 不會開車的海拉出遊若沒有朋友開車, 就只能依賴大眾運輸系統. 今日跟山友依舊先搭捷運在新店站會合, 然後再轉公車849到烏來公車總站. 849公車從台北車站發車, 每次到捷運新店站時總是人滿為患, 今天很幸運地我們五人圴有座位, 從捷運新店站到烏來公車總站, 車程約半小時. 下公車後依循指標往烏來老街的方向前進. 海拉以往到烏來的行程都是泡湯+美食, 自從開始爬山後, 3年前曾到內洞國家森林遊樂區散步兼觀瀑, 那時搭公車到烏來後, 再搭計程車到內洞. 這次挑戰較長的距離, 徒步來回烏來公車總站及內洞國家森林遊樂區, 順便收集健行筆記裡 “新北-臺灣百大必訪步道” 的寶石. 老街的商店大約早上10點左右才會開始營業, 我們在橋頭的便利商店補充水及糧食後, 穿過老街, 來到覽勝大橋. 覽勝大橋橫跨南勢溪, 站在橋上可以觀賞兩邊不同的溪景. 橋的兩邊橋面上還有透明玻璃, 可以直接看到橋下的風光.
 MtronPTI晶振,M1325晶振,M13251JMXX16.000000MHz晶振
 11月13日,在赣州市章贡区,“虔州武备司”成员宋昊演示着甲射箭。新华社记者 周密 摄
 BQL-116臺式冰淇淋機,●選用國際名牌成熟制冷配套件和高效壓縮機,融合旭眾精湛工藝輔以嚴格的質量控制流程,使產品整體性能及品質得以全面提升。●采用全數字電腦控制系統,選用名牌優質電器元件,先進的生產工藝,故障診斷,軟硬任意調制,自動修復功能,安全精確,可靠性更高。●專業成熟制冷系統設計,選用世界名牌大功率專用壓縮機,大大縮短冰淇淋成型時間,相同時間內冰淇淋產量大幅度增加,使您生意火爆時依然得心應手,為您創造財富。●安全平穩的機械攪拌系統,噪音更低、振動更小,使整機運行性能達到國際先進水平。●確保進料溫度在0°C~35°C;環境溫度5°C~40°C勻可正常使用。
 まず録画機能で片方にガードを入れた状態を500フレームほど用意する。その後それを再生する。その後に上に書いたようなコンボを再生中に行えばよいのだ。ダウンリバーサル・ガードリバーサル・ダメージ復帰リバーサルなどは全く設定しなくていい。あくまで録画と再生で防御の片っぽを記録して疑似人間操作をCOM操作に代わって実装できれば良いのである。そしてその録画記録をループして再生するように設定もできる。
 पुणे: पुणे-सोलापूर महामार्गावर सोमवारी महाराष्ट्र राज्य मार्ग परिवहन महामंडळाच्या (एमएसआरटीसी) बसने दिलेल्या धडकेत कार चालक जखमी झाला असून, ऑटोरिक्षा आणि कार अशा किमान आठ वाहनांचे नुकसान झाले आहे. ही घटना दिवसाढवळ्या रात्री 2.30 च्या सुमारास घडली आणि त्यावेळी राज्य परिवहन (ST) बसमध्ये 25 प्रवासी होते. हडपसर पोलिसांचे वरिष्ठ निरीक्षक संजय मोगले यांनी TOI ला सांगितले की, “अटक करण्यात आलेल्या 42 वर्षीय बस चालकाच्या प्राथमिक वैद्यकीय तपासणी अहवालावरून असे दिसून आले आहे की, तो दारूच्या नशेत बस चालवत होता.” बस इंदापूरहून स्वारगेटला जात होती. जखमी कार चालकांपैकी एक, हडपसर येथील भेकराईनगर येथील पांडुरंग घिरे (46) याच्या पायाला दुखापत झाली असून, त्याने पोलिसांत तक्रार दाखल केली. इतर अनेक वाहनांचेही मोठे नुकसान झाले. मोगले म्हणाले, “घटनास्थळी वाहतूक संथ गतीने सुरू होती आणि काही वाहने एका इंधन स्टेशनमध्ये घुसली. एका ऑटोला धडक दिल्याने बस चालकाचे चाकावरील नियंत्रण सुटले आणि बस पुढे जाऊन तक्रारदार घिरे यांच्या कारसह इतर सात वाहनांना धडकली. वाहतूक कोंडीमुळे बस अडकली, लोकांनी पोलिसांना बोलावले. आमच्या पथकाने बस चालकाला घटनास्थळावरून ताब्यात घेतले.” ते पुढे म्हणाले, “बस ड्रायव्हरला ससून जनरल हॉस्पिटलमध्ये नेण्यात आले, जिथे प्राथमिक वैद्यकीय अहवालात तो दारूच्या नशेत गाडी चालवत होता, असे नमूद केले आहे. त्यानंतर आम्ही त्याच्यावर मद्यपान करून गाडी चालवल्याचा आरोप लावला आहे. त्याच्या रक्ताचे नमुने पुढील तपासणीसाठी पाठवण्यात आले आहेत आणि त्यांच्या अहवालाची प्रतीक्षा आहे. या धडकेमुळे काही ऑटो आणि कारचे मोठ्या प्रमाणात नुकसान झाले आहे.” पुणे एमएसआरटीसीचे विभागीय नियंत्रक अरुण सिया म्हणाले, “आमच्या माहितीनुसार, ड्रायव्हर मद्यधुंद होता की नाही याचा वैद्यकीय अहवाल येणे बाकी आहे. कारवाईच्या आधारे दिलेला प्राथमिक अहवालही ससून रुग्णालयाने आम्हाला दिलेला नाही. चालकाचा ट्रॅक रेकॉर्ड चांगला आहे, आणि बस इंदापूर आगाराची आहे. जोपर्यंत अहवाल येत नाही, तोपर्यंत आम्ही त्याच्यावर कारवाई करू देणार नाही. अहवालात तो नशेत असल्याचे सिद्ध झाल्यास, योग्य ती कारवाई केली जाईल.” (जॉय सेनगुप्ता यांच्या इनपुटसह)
* * *
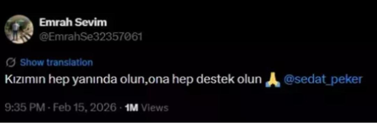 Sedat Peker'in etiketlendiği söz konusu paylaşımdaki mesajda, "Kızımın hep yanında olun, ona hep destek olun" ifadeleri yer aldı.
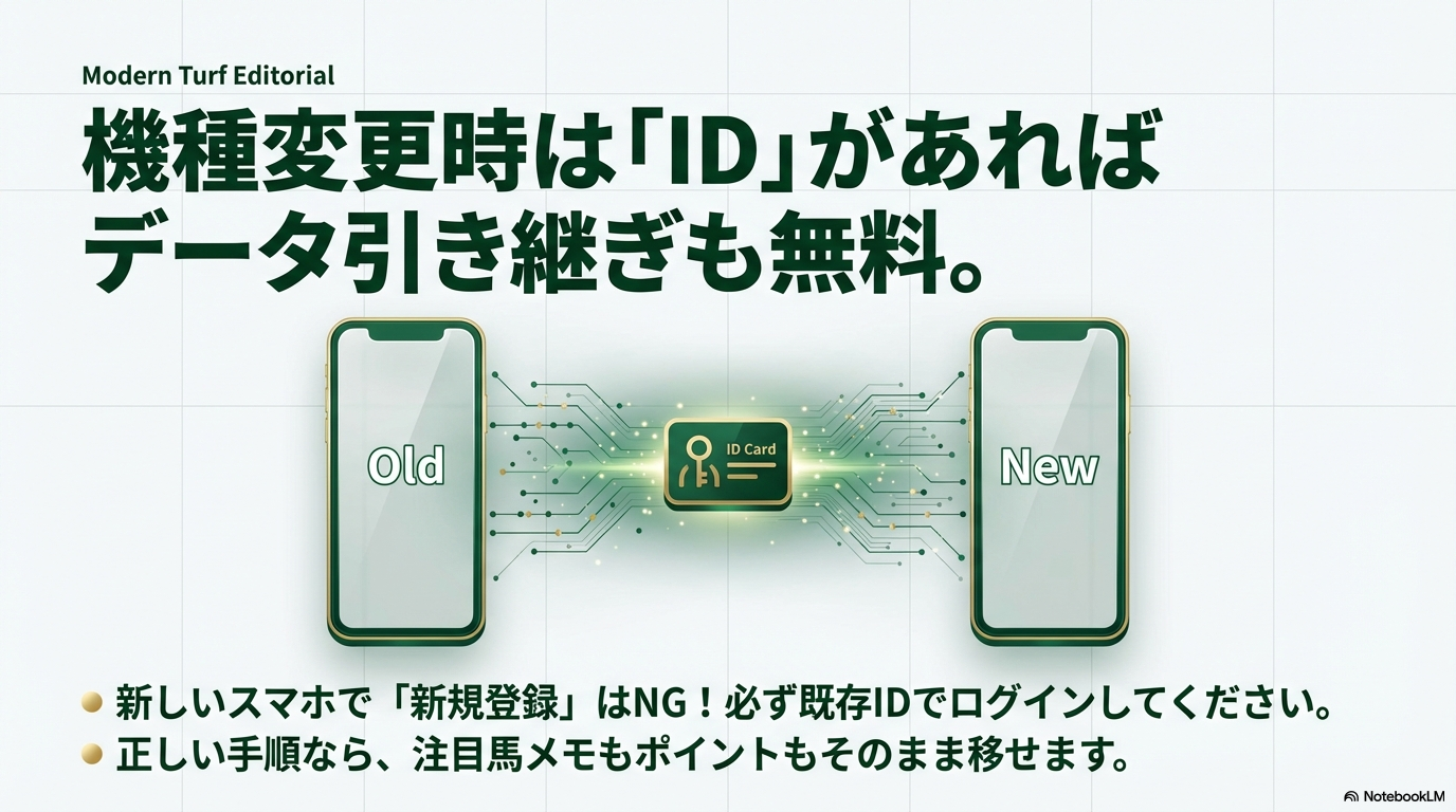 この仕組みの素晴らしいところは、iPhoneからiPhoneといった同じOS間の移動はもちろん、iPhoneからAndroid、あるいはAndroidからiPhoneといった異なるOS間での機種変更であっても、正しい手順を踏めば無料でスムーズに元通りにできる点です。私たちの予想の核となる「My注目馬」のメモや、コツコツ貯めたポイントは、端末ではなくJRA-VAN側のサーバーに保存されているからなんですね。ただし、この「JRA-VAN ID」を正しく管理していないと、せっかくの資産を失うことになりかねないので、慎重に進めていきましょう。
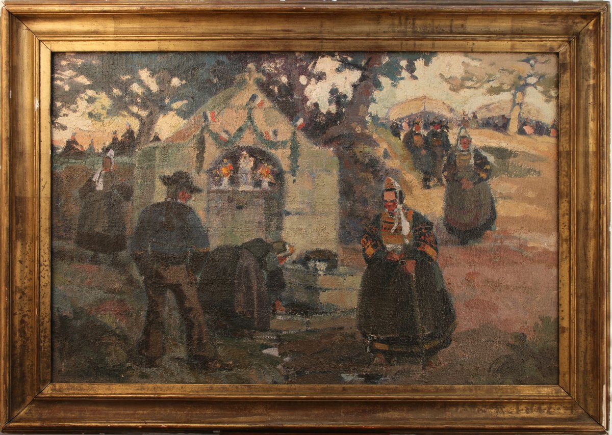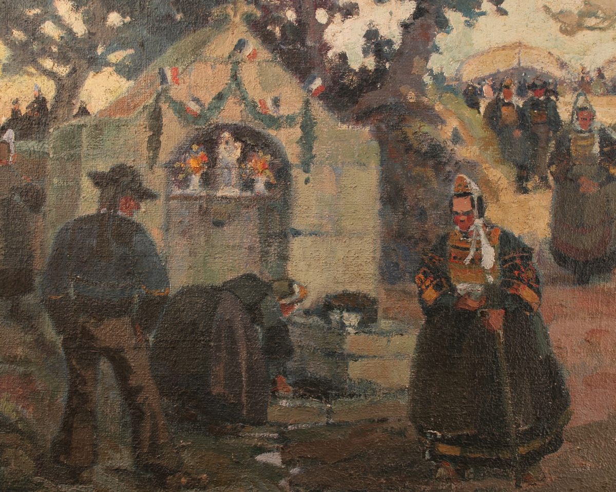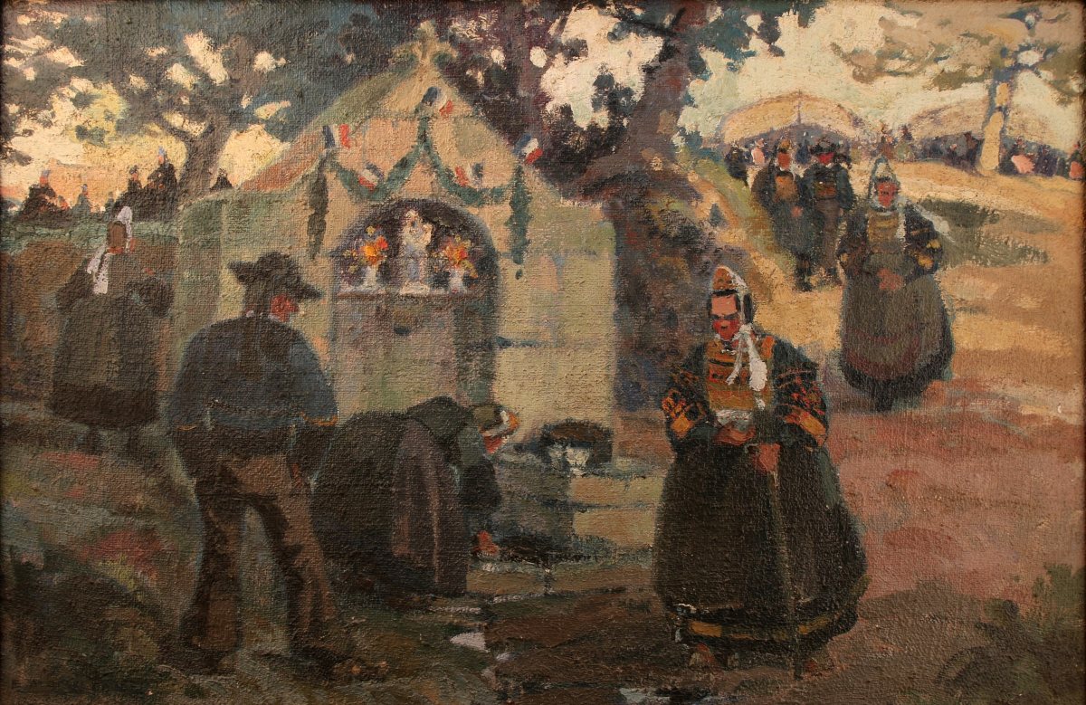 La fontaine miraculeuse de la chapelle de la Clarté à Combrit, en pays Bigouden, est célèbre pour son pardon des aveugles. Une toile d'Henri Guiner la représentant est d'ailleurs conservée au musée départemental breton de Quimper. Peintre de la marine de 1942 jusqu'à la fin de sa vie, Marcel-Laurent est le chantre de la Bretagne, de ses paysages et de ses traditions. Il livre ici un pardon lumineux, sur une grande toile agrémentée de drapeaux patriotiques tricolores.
* * *
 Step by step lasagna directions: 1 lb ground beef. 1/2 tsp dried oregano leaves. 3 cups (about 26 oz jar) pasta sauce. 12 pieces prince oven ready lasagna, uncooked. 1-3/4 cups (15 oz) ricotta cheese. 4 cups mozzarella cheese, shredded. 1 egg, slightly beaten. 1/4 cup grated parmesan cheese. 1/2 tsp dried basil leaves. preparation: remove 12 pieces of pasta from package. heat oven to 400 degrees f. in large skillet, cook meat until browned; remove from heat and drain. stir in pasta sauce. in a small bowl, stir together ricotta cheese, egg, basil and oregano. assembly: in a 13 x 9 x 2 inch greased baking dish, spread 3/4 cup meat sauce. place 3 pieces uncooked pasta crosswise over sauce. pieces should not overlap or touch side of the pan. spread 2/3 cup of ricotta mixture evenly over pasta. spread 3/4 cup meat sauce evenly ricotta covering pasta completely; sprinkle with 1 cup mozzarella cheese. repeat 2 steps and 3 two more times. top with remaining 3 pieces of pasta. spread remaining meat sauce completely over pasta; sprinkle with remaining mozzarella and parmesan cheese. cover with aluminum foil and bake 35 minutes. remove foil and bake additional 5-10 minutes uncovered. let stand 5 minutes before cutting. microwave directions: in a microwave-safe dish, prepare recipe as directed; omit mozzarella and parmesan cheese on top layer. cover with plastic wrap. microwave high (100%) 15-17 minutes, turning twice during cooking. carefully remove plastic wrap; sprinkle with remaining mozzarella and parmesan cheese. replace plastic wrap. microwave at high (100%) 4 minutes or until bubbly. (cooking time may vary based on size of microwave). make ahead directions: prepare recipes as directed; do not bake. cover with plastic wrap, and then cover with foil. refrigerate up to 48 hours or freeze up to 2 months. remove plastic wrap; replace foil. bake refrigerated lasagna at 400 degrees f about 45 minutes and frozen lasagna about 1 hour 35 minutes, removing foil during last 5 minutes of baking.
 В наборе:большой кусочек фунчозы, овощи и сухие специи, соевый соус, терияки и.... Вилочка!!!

■ **EXERCISE DIRECTIONS**
Extract from the records above the lines from the one containing "BQL-116臺式冰淇淋機,●選用國際名" to the one containing "まず録画機能で片方にガードを", both lines included, exactly as they appear and with nothing else.

■ **ANSWER BOX**
 BQL-116臺式冰淇淋機,●選用國際名牌成熟制冷配套件和高效壓縮機,融合旭眾精湛工藝輔以嚴格的質量控制流程,使產品整體性能及品質得以全面提升。●采用全數字電腦控制系統,選用名牌優質電器元件,先進的生產工藝,故障診斷,軟硬任意調制,自動修復功能,安全精確,可靠性更高。●專業成熟制冷系統設計,選用世界名牌大功率專用壓縮機,大大縮短冰淇淋成型時間,相同時間內冰淇淋產量大幅度增加,使您生意火爆時依然得心應手,為您創造財富。●安全平穩的機械攪拌系統,噪音更低、振動更小,使整機運行性能達到國際先進水平。●確保進料溫度在0°C~35°C;環境溫度5°C~40°C勻可正常使用。
 まず録画機能で片方にガードを入れた状態を500フレームほど用意する。その後それを再生する。その後に上に書いたようなコンボを再生中に行えばよいのだ。ダウンリバーサル・ガードリバーサル・ダメージ復帰リバーサルなどは全く設定しなくていい。あくまで録画と再生で防御の片っぽを記録して疑似人間操作をCOM操作に代わって実装できれば良いのである。そしてその録画記録をループして再生するように設定もできる。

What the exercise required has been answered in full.